Fondazione Migrantes - Servizio Migranti 5/03


L’EUROPA E GLI ALTRI: DALL’ACCOGLIENZA ALLA SOLIDARIETÀ
di Stefano Zamagni
Immigrati: richiesti e indesiderati1. Che il fenomeno migratorio sia un tema ad alto potenziale di conflittualità che tende a dividere, in modo spesso radicale, l’opinione pubblica, e di conseguenza le forze politiche, è cosa nota ormai da tempo. In particolare, è noto che quella degli immigrati rappresenta oggi, nelle nostre società occidentali, l’unica categoria di soggetti richiesti e indesiderati, ad un tempo. L’Eurobarometro, da almeno quattro/cinque anni, segnala con precisione questo contraddittorio atteggiamento degli europei nei confronti dell’immigrazione. Per un verso, vi sono segmenti di popolazione che chiedono di ampliare i flussi in arrivo di lavoratori migranti, consapevoli come sono dei benefici che ne deriverebbero alla flessibilità del mercato europeo del lavoro e alla gestione delle finanze pubbliche. (Invero, l’invecchiamento delle popolazioni europee ha ormai reso la struttura attuale delle entrate e uscite dei nostri sistemi di sicurezza sociale non più sostenibile). Per l’altro verso, vi sono altri segmenti della popolazione che nutrono timori vari; tre in modo specifico, e cioè che gli immigrati: a) causano disoccupazione a carico dei lavoratori dei paesi ospitanti; b) abusano dei trasferimenti assicurati dai nostri sistemi di welfare. (In effetti, l’evidenza disponibile conferma che gli immigrati ricevono servizi di welfare in misura proporzionalmente maggiore rispetto alle popolazioni native. Come già J.S. Mill, aveva scritto attorno alla metà dell’Ottocento: “è vano pensare che tutte le bocche che l’aumento della popolazione fa venire in esistenza trascinino con sé braccia. Le nuove bocche chiedono altrettanto cibo delle vecchie, ma le loro mani non producono gli stessi ammontari delle vecchie”; c) hanno già superato il punto di saturazione, così da mettere a repentaglio la coesione sociale dei paesi ospitanti per l’impossibilità di attuare equilibrate politiche di integrazione culturale. I recenti esiti elettorali in Austria, Belgio, Danimarca, Francia, Olanda è il lungo dibattito che ha portato all’approvazione della legge Bossi-Fini sembrano indicare che la seconda tipologia di cittadini sia oggi quella in maggioranza numerica.

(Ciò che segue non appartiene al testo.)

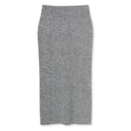 ストレートに落ちるすっきりシルエットが、トラッドな雰囲気のニットスカート。

Opinione pubblica e scelte politicheCome Tito Boeri ha scritto (Immigrazione e Stato Sociale in Europa, Milano, Egea, 2002), si è consolidato nell’Unione Europea un vero e proprio circolo vizioso: la gente manifesta un atteggiamento ostile nei confronti degli immigrati; ciò induce i governanti, sempre alla ricerca del consenso politico, a restringere gli ingressi o a renderli inutilmente difficoltosi; a loro volta, politiche di questo genere vanno ad accrescere l’immigrazione illegale - si stima che vi sia uno stock di 11 milioni di migranti irregolari nel mondo, gran parte dei quali si affida a trafficanti il cui giro d’affari ha già superato quello delle droghe - ; infine, il senso di insicurezza che l’illegalità va diffondendo pare confermare quelle percezioni di ostilità, le quali tendono così ad autoalimentarsi. Come spezzare un tale circolo vizioso, i cui effetti devastanti mettono a repentaglio la causa sia della pace civile sia del rispetto dei diritti fondamentali dell’uomo?Cosa è stato fatto dall’Unione Europea, nel corso del 2001, in vista di una politica europea dell’immigrazione e dell’asilo? 2. Per rispondere, consideriamo dapprima, in grande sintesi, le principali tappe di questo faticoso cammino verso una politica migratoria europea capace di gestire, in modo unitario le pressioni provenienti dai paesi terzi, anziché limitarsi - come è finora avvenuto - ad affidare ai singoli paesi la lotta di ultima istanza contro i clandestini.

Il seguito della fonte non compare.